There’s something about the snow that brings a sense of warmth. I know, I know… Snow is cold and so are the months proceeding, but what I mean by warmth is a sense of settling in. To me, when the snow comes, it covers all the bits of what was left from last year. Leaves fallen, garbage forgotten, flowers rotten. The snow covers it all. The snow brings me a sense of that covering as well. I know the year is coming to an end. There have been ups and downs (and do be honest quite a bit of side-stepping as well). The end of the year (and snow) signifies a change for me. It’s a new opportunity for me to set new goals, let go of old ones. I can reflect on how far I have come, and start to think about what I want to accomplish in the new year.

Once the snow comes, I know that the winddown of time is catching up and getting ready for the countdown for a new year. But really, when the snow comes, we start to count down to the count down. The always waiting for what is going to happen next. The snow doesn’t do that for me. It allows me to take a step back, remember what the cooler days mean (more baking, warm soups, and uninterrupted time with my daughters and close friends).

I don’t usually have the mad rush of gift buying as I tend to shop throughout the year, so I can truly enjoy the lights, the people, the sounds, and the smells. I can allow myself to really, REALLY, be just in the moment. The snow brings that for me. It symbolizes rest, peacefulness, and breath…

Why I Write

For some, pinpointing their passion and what set them off to start their journey is easy, for others it can be difficult, but still, there was probably a clear direction. Some discover their passion early in life, some are late bloomers and float through learning more about themselves before they learn what they were meant to do. For me it was a little bit of both. Reading had always been an escape for me.

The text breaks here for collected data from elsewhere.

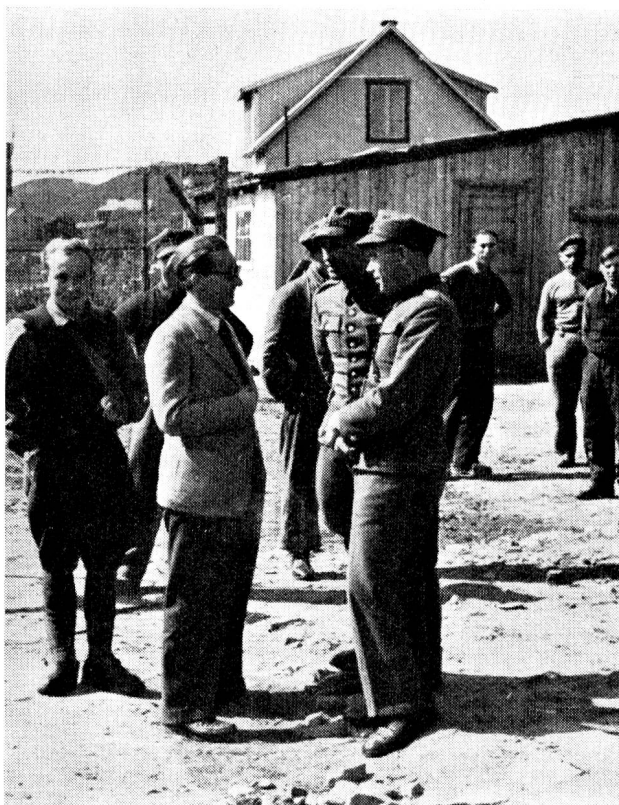
Un délégué du C. I. C. R. visitant un camp de prisonniers polonais en Norvège sous le cercle polaire pendant la guerre de 1939-1945.

En résumé, les Conventions protègent donc deux catégories principales de personnes: d'une part les ressortissants ennemis sur le territoire de chaque partie au conflit, et d'autre part l'ensemble de la population des territoires occupés.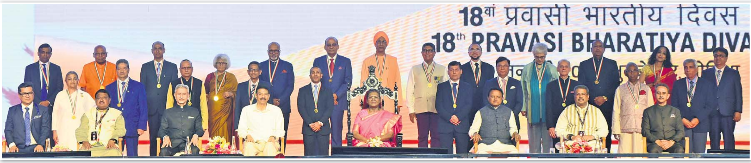
ପ୍ରବାସୀ ଭାରତୀୟ ଦିବସ ଉଦ୍‌ଘାଟନା ଅବସରରେ ପ୍ରବାସୀ ସମ୍ମାନରେ ସମ୍ବିଚ୍ଚିତ ବ୍ୟକ୍ତିଗଣଙ୍କ ସହ ରାଷ୍ଟ୍ରପତି ଡ୍ରୌପଦୀ ମୁର୍ମୁ, ରାଜ୍ୟପାଳ ହରିବାବୁ କନ୍ନମପତି, ମୁଖ୍ୟମନ୍ତ୍ରୀ ମୋହନ ଚରଣ ମାଝୀ, କେନ୍ଦ୍ରମନ୍ତ୍ରୀ ଏସ୍. ଜୟଶଙ୍କର, ଜୁଏଲ୍ ଓରାମ ଓ ଧର୍ମେନ୍ଦ୍ର ପ୍ରଧାନ ଏବଂ ଅନ୍ୟ ଅତିଥିଗଣ।

ଭୁବନେଶ୍ୱର ଜନତା ମଇଦାନଠାରେ ଆରମ୍ଭ ହୋଇଥିବା ଅଷ୍ଟାଦଶ ପ୍ରବାସୀ ଭାରତୀୟ ସମ୍ମେଳନର ଶୁକ୍ରବାର ଥିଲା ଉଦ୍‌ଘାଟନା ଦିବସ। ରାଷ୍ଟ୍ରପତି ଡ୍ରୌପଦୀ ମୁର୍ମୁ ଉଦ୍‌ଘାଟନା ସମାରୋହର ମୁଖ୍ୟ ଅତିଥି ସାଜିଥିଲେ। ଏହି ଅବସରରେ ଭୁବନେଶ୍ୱର ସମେତ ରାଜ୍ୟର ବିଭିନ୍ନ ସ୍ଥାନରେ ଅନେକ ଆକର୍ଷଣୀୟ କାର୍ଯ୍ୟକ୍ରମର ଆୟୋଜନ କରାଯାଇଛି। ଏଥିସହ ପ୍ରବାସୀମାନେ ଓଡ଼ିଶାର ଐତିହ୍ୟ, କଳା ସଂସ୍କୃତିର ଝଲକ ଦେଖିବାକୁ ପାଇଛନ୍ତି।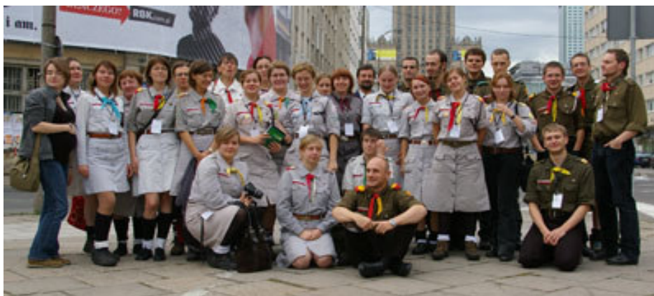
VIII Zjazd SH w pełnej krasie

I remember sitting with my mom’s books and pretending to read them just as I saw her sit on the brown and flowered sofa, cigarette in her mouth, book on her lap, coffee on the table beside her. I’d take this little toy cash register and gently tap the keys so it sounded like a typewriter. “I’m writing my books,” I would exclaim, vigorously making sure to keep typing and checking over my ‘work’.

Writing stayed with me for a long time. I journaled, but hated English assignments; I wrote poems, but despised being told what one meant by my teacher. I knew what I felt and being told what a poem meant felt like a betrayal not only to me, but also to the author, to the poet.

As I said, reading was my escape. It demanded nothing from me but my time; time of which was all I had growing up. Moving around and being the eccentric person I was at such an early age, friends were few and far between. It was ok though. Books didn’t let me down and books didn’t ask too many questions about my life and my past. They were just the right amount of noise for my over cluttered brain.

I knew I needed to write, always wanted to be an author, but it wasn’t until I was 30 that I started to feel my passion well too high to be ignored. It was after my daughters were born and I felt that tug; that need. It literally would keep me up at night, my mind wandering to stories, life experiences, and plot lines. I questioned if what I wrote would even be needed, be welcomed, be adding to the culture of literature. I felt inept to start this journey but knew there was nothing else I could do but succumb to this need, this desire, this burning in my soul.

It’s soul searching and cleansing for me. It soothes the demons that threaten to rear their ugly heads again and again. They stay tamed when fed with words. It staves off my loneliness, it keeps my mind from the darkness that threatens to overtake. I write because I have to share what aches my soul.